REQUIRED ACTION>
If an entry below holds a picture, leave the picture out and print the rest exactly.

INPUT DATA>
►

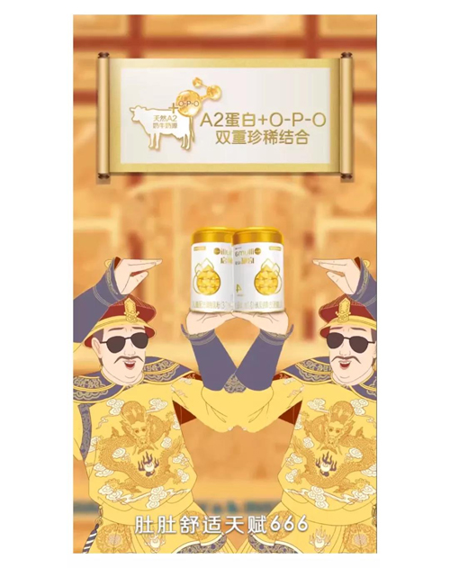最近,一首抖音神曲走紅媽媽圈,據說聽過的媽媽,都可以和寶寶一覺睡到自然醒。在視頻開篇,通過小皇子哭鬧365日吸引了媽媽們的注意力,為了解決小皇子哭鬧問題皇上命萬國進獻珍品,其中以愛爾蘭為小皇子進貢的啟賦atwo大金罐的高顏值吸引了皇上的眼光。在包裝設計上,金色是啟賦Atwo大金罐的主色調,金罐設計和金色包裝,寓意著產品無論從奶源、技術、營養(yǎng)到形象都追求者皇家般的品味。
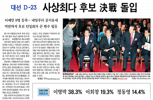 25일 한나라당 선언 → 26일 조선 2건, 중앙 1건, 동아 기사 없음
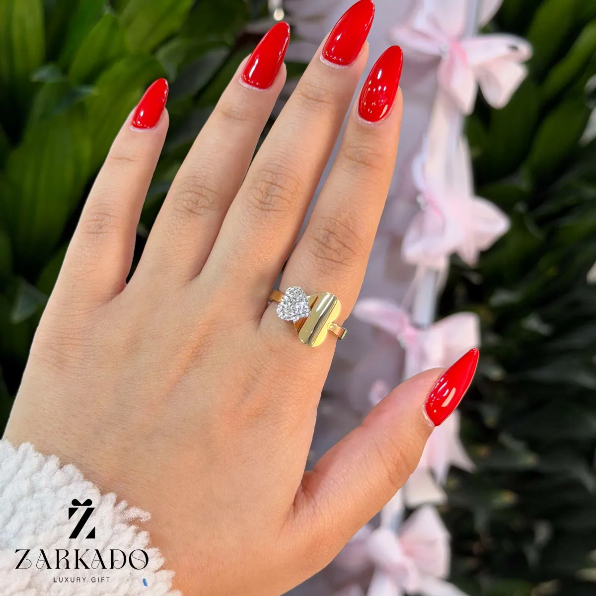 💛 انگشتر قلبی طلا ۱۸ عیار با طراحی مدرن و خلاقانه، ترکیبی از عشق، سادگی و جسارت در طراحی است؛ انتخابی ایدهآل برای بانوانی که به زیورآلات خاص و متفاوت علاقهمند هستند.
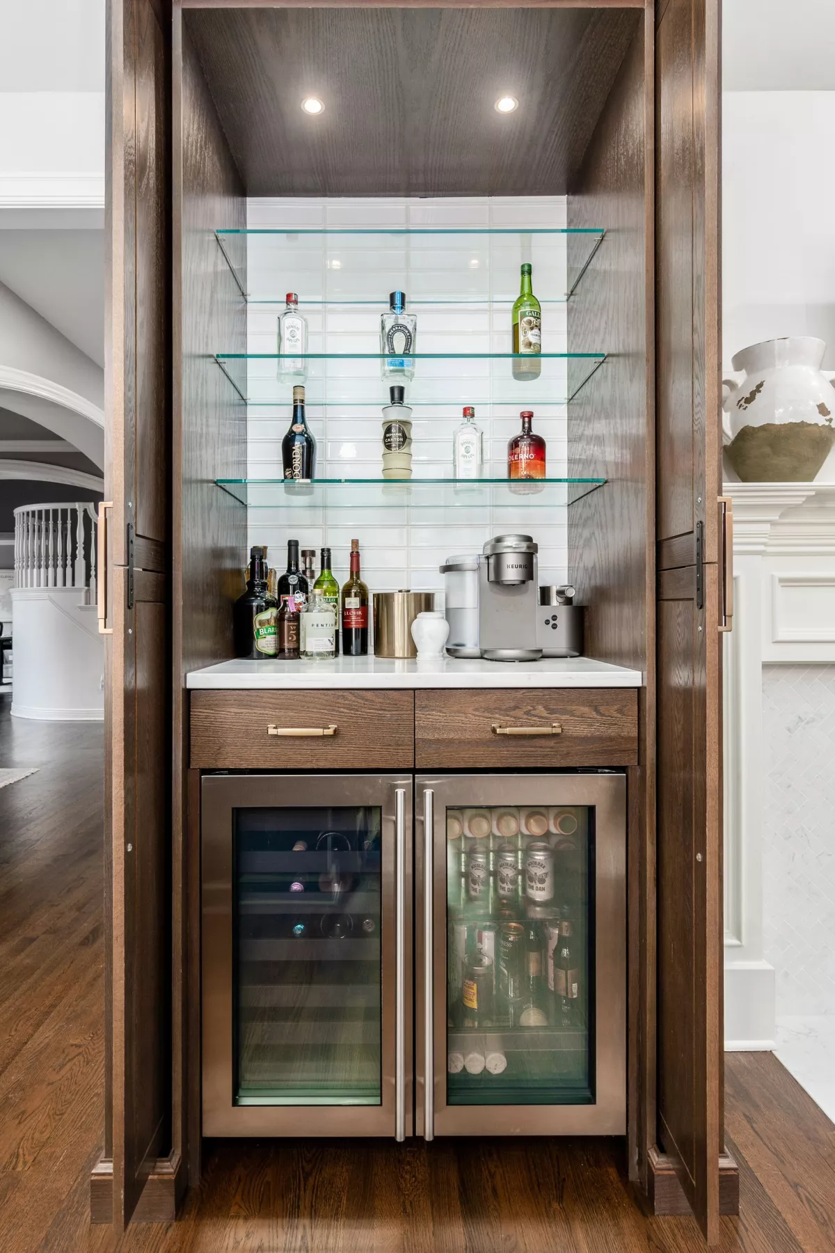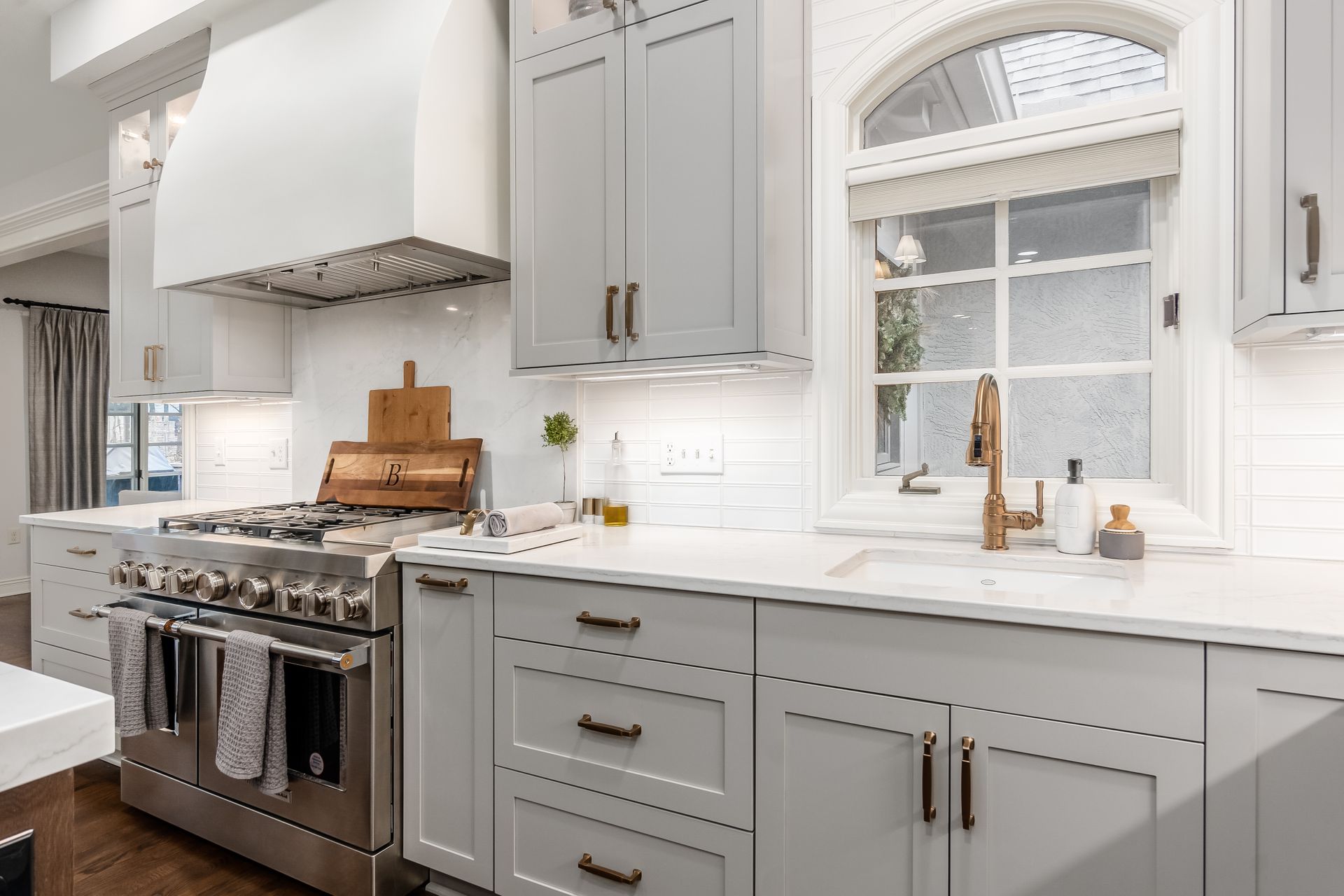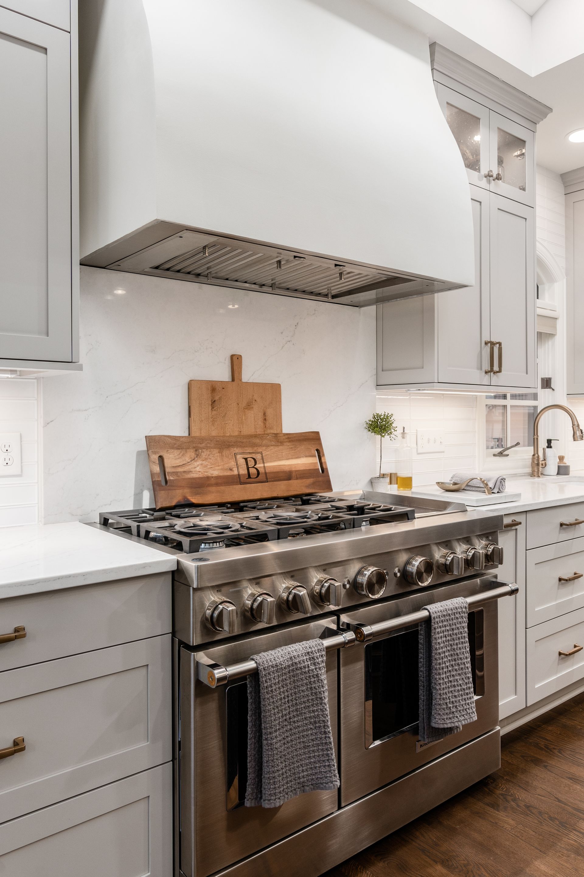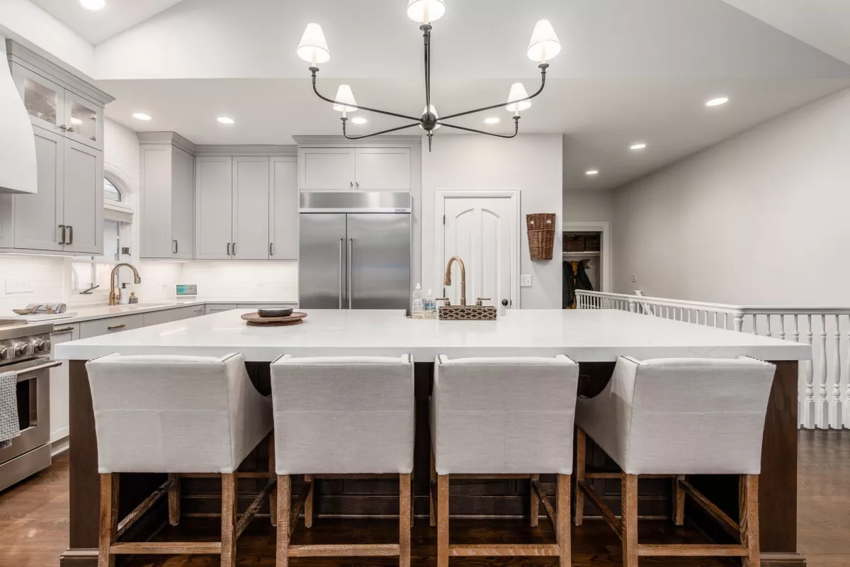 This kitchen remodel features a stunning blend of custom craftsmanship and modern design. We created beautiful, custom cabinetry that perfectly fits the space while providing ample storage and seamless functionality. One of the standout features is a hidden bar area, cleverly tucked away to maintain the kitchen’s clean, open feel while offering a private space for entertaining. The 10 foot island, topped with exquisite 6cm quartz counter tops, serves as both a statement piece and a highly functional work surface for cooking and gathering. To complete the look, a custom range hood was designed and made from plaster, adding a touch of elegance and balance to the space. The result is a kitchen that’s both beautiful and practical, perfectly tailored to the client’s needs and style.
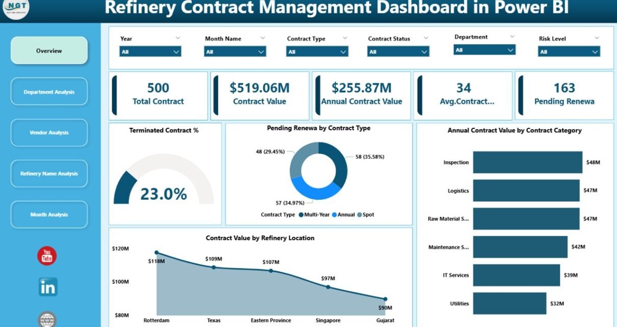 A Refinery Contract Management Dashboard in Power BI is an interactive business intelligence solution that helps refinery organizations track, analyze, and manage contract-related data using visual reports and KPIs.

◄

ANSWER AREA>
最近,一首抖音神曲走紅媽媽圈,據說聽過的媽媽,都可以和寶寶一覺睡到自然醒。在視頻開篇,通過小皇子哭鬧365日吸引了媽媽們的注意力,為了解決小皇子哭鬧問題皇上命萬國進獻珍品,其中以愛爾蘭為小皇子進貢的啟賦atwo大金罐的高顏值吸引了皇上的眼光。在包裝設計上,金色是啟賦Atwo大金罐的主色調,金罐設計和金色包裝,寓意著產品無論從奶源、技術、營養(yǎng)到形象都追求者皇家般的品味。
 25일 한나라당 선언 → 26일 조선 2건, 중앙 1건, 동아 기사 없음
 💛 انگشتر قلبی طلا ۱۸ عیار با طراحی مدرن و خلاقانه، ترکیبی از عشق، سادگی و جسارت در طراحی است؛ انتخابی ایدهآل برای بانوانی که به زیورآلات خاص و متفاوت علاقهمند هستند.
 This kitchen remodel features a stunning blend of custom craftsmanship and modern design. We created beautiful, custom cabinetry that perfectly fits the space while providing ample storage and seamless functionality. One of the standout features is a hidden bar area, cleverly tucked away to maintain the kitchen’s clean, open feel while offering a private space for entertaining. The 10 foot island, topped with exquisite 6cm quartz counter tops, serves as both a statement piece and a highly functional work surface for cooking and gathering. To complete the look, a custom range hood was designed and made from plaster, adding a touch of elegance and balance to the space. The result is a kitchen that’s both beautiful and practical, perfectly tailored to the client’s needs and style.
 A Refinery Contract Management Dashboard in Power BI is an interactive business intelligence solution that helps refinery organizations track, analyze, and manage contract-related data using visual reports and KPIs.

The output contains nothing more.